*Joseph Massad insegna politica araba moderna e storia del pensiero presso la Columbia University di New York. È autore del libro The Persistence of the Palestinian Question (Routledge, 2006)
(Traduzione di Curzio Bettio di Soccorso Popolare di Padova)
Nei discorsi del presidente Barack Obama, per non parlare più in generale di quelli sui mezzi di informazione dell’Occidente, trattando delle condizioni dei bambini ebrei e arabi, che cosa induce questo presidente a privilegiare i primi e a disprezzare i secondi? I bambini ebrei sono più intelligenti, più carini, più bianchi? Sono meritevoli di simpatia e di solidarietà, negate ai bambini arabi, perché sono innocenti e non macchiati dalle colpe dei genitori, questi bimbi che sono spesso indicati come “i figli di Israele?” Oppure, sono i bambini arabi ad essere pericolosi, minacciosi, colpevoli, anche scuri e brutti, sgradevoli e preoccupanti, una situazione che può solo portare ad arabopedofobia – la fobia occidentale per i bambini arabi?

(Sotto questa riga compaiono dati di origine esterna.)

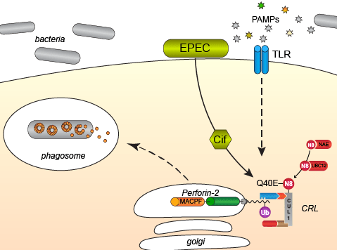 Cif’s are bacterial effector proteins that are injected into the cytosol of host cells by bacterial Type III protein secretion systems. Once inside a host cell Cif’s inactivate CRLs by enzymatic modification, specifically deamidation, of NEDD8. Thus, Cif’s block all CRL-dependent ubiquitylation within host cells. As expected, we have shown that ubiquitylation of Perforin-2 and Perforin-2 -dependent killing is blocked by bacteria that express Cif but not mutants in which cif has been deleted. We have also shown that Cif+ pathogens are more virulent in vivo than cif mutants (McCormack et al. eLife 2015, Figure 8). Crucially, Cif does not confer a selective advantage in Perforin-2 knockout animals (McCormack et al. eLife 2015, Figure 9). In other words, when Perforin-2 –the crucial target/substrate molecule– is absent, the pathogenic benefits of Cif are nullified. Thus, host cells ubiquitylate and deploy Perforin-2 to defend themselves against microbes. As a countermeasure some pathogens deploy Cif’s to block the intracellular trafficking of Perforin-2 to endo-phagosomes.

L’innocenza e l’infanzia sono temi comuni nella retorica politica dell’Occidente, ufficiale e non ufficiale.
Mentre è una verità lapalissiana affermare che, dalla fine del colonialismo europeo, gli Stati Uniti e l’Europa sono stati, a livello ufficiale e non ufficiale, amichevoli e di sostegno del progetto coloniale sionista, ed ostili ai Palestinesi e agli Arabi nella loro resistenza al Sionismo, ci si dovrebbe aspettare che un Occidente, che insiste retoricamente sull’“universalismo”dei suoi valori, potrebbe mostrare almeno un impegno retorico sull’uguaglianza dei bambini arabi ed ebrei, come vittime della violenza che ha afflitto la regione per causa del colonialismo sionista e della resistenza ad esso.

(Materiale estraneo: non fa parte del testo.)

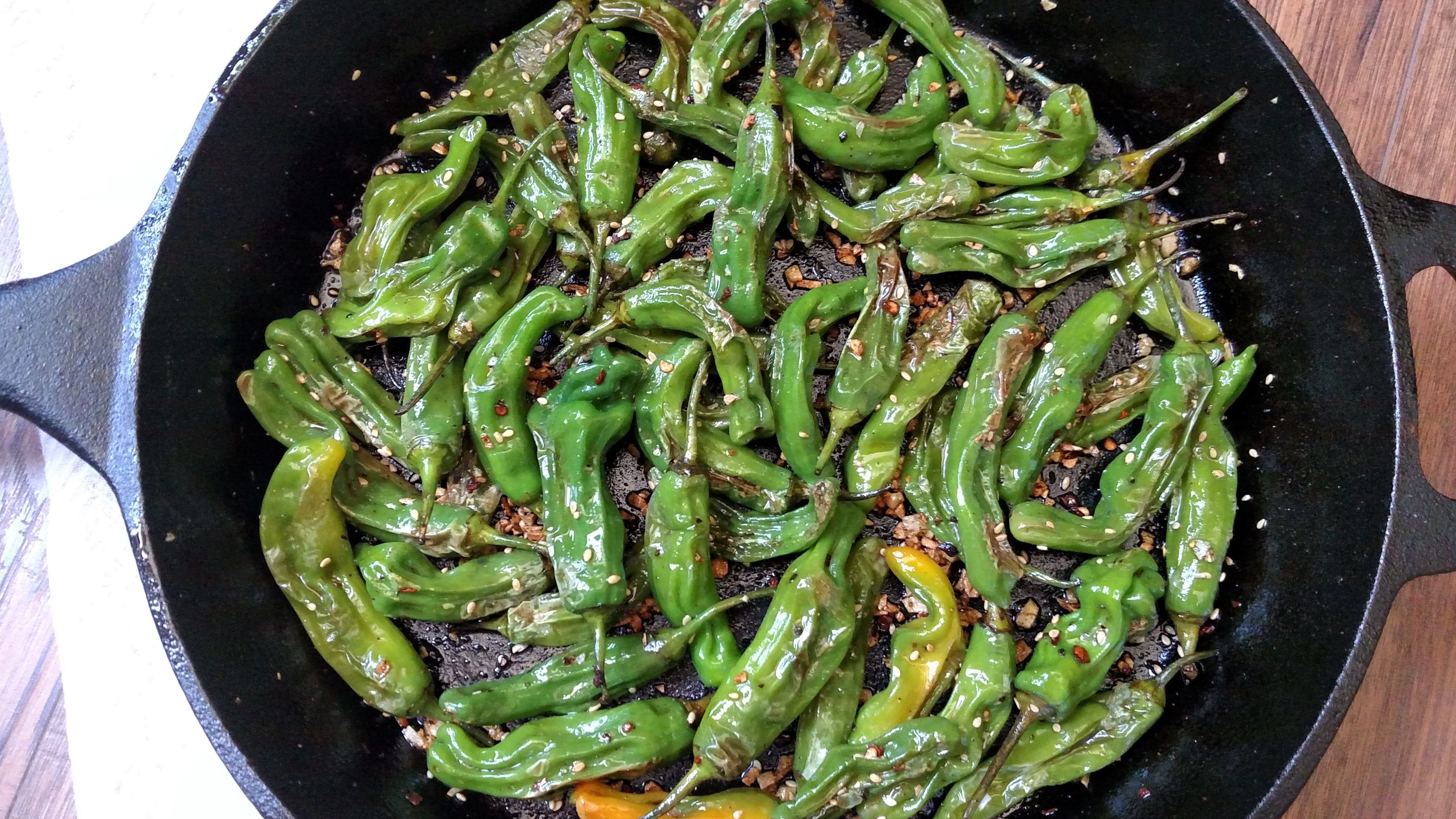 - Heat a cast-iron skillet to med-high heat. Add both types of oil to the pan and when pan is hot, add the shishito peppers. Stir them around so they all have some oil. Season liberally with salt and...

Eppure, la simpatia occidentale si manifesta unicamente verso i bambini ebrei, come simboli dell’innocenza sionista e di Israele. Questa simpatia dell’Occidente si esplica soprattutto nel denunciare le colpe degli Arabi, e fra queste le colpe dei bambini arabi.

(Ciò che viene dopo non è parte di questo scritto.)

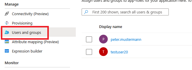 Im Menüpunkt Users and Groups kann definiert werden, welche Nutzer aus Entra ID nach Keycloak synchronisiert werden. So wird sichergestellt, dass nur relevante Benutzer provisioniert werden:

In effetti, l’unica volta che i bambini arabi hanno ricevuto un po’ di simpatia da tutto l’Occidente è stata pochi anni fa, quando prese di posizione propagandistiche israeliane e statunitensi, ufficiali e non ufficiali allo stesso modo, montavano una grande campagna di propaganda per salvare questi bambini dai loro barbari genitori arabi e palestinesi, che presumibilmente li educavano a commettere atti violenti, o che poco amorevolmente li ponevano in mezzo al pericolo, sacrificandoli per i loro obiettivi politici violenti.
Non era Israele degno di esecrazione per l’uccisione di bambini palestinesi, ma lo dovevano essere quei genitori crudeli ed incuranti dei propri bambini, che li piazzavano sulla traiettoria dei proiettili israeliani ebrei, che non lasciavano agli Ebrei di Israele altra scelta che quella di ucciderli.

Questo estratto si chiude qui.